— Планюс, дружище! Я хотел бы…
Он немного помедлил.
— Я хотел бы, чтобы ты дал мне… письмо… Помнишь? Письмецо и пакет?
Сигизмунд посмотрел на него с удивлением. По своей наивности он воображал, что Рислер больше не думает о Сидони, что он совсем забыл ее.
— Как!.. Ты хочешь?..
— Ну да!.. Надеюсь, я заслужил это. Могу теперь подумать немного и о себе. Довольно уж я думал о других.
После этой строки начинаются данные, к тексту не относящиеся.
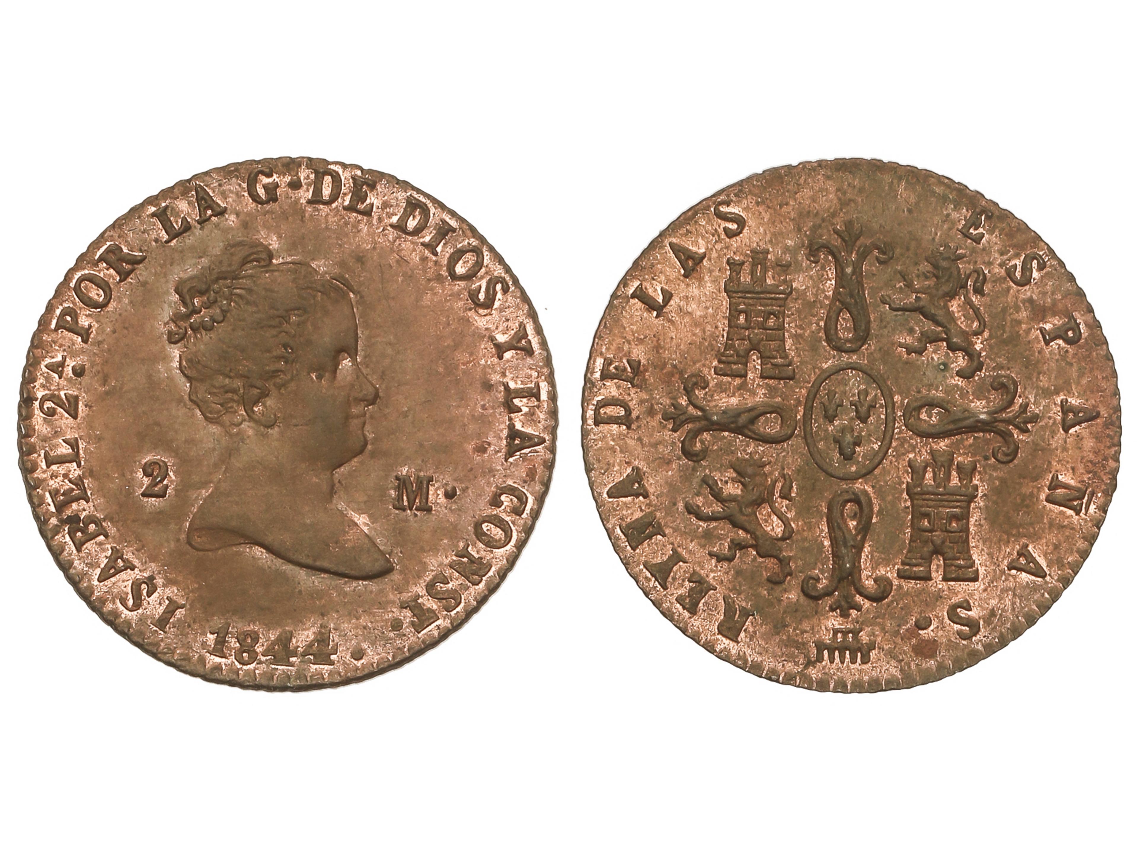 2 Maravedís. 1844. SEGOVIA. 2,35 grs. Parte de color y brillo. AC-56. SC-. (Image1)

— Ты прав, — сказал Планюс. — Так вот что мы сделаем… Письмо и пакет находятся у меня в Монруже. Если хочешь, мы пообедаем вместе в Пале-Рояле, помнишь, как когда-то? Я угощаю… Вспрыснем твою медаль старым винцом, чем-нибудь изысканным!.. А потом поедем ко мне. Ты возьмешь свои вещицы. И, если будет поздно возвращаться домой, мадемуазель Планюс, сестрина, приготовит тебе постель, и ты переночуешь у нас… Там очень хорошо… Ведь это деревня… Завтра в семь утра с первым омнибусом мы вернемся на фабрику. Поедем, земляк, доставь мне такое удовольствие! Не то я буду думать, что ты все еще сердишься на твоего старого Сигиамунда.
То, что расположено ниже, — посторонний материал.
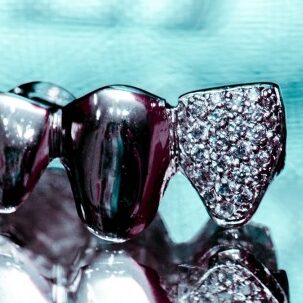 Grillz em prata 950 para três dentes superiores ou inferiores, com cravação de zircônia em um elemento.
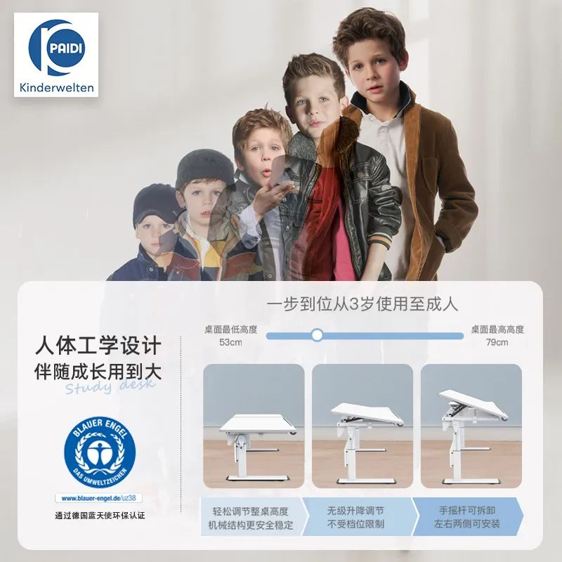 德国原装进口Paidi儿童学习桌椅 伴读凳 通过欧洲最严苛的认证 可调节倾斜角度 高度可升降 |百里居

Рислер согласился. Он вовсе не думал о том, чтобы отмечать получение медали; ему хотелось только поскорее вскрыть письмо; он получил наконец право прочесть его.
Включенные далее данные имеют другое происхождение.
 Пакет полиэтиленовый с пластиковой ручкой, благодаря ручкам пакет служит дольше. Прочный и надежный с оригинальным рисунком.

Надо было приодеться. Дело нешуточное после того, как он полгода не расставался с рабочей курткой. А каким это было событием на фабрике! Сейчас же предупредили г-жу Фромон:
— Сударыня, сударыня!.. Господин Рислер собирается куда-то.
Клер посмотрела на него на окна, и вид этого крупного, согнутого от горя человека, который шел, опираясь на руку Сигиамунда, привел ее в глубокое и странное волнение. Она всегда потом вспоминала об этом.
На улице люди приветливо здоровались с ним. И уже одно это согревало ему душу: он так нуждался в доброжелательном отношении к себе!
Стук экипажей слегка оглушил его.
— У меня кружится голова… — сказал он Планюсу.
— Обопрись на меня покрепче, старина… Не бойся.
Планюс выпрямился и повел своего друга с той наивной, фанатической гордостью, с какой крестьянин несет изображение святого.
Наконец они пришли в Пале-Рояль.
В саду было полно народу. Все пришли послушать музыку. Поднимая пыль и шумно передвигая стулья, каждый искал места, где бы ему сесть. Друзья поспешно вошли в ресторан, чтобы укрыться от всего этого гама. Они устроились в одном из больших залов первого этажа, откуда были видны и зелень деревьев, и гуляющие, и струя фонтана между двумя унылыми клумбами. Для Сигиамунда этот ресторанный зал с позолотой на зеркалах, на люстре и даже на тисненых обоях был идеалом роскоши. Белая салфетка, булочки, меню — все наполняло его радостью.
— Хорошо здесь, а?.. — говорил он Рислеру.
При каждом новом блюде втого пиршества стоимостью в два с половиной франка с человека он громко выражал свой восторг и насильно наполнял тарелку друга.
— Попробуй!.. Очень вкусно.
Рислер, несмотря на все свое желание оказать честь пиру, казался озабоченным и все время поглядывал в окно.
— Ты помнишь, Сигизмунд?.. — спросил он вдруг.
Старый кассир, ушедший в воспоминания о прошлом, о первых шагах Рислера на фабрике, ответил:
— Еще бы не помнить!.. Первый раз мы обедали в Пале-Рояле в феврале сорок шестого года, в тот год, когда На фабрике установили плоские формы.
Рислер покачал головой.
— Нет… Я говорю о том, что было три года назад… В тот памятный вечер мы обедали вон там, напротив…
И он указал на большие окна ресторана Вефура, освещенные заходящим солнцем, точно люстрами свадебного пира.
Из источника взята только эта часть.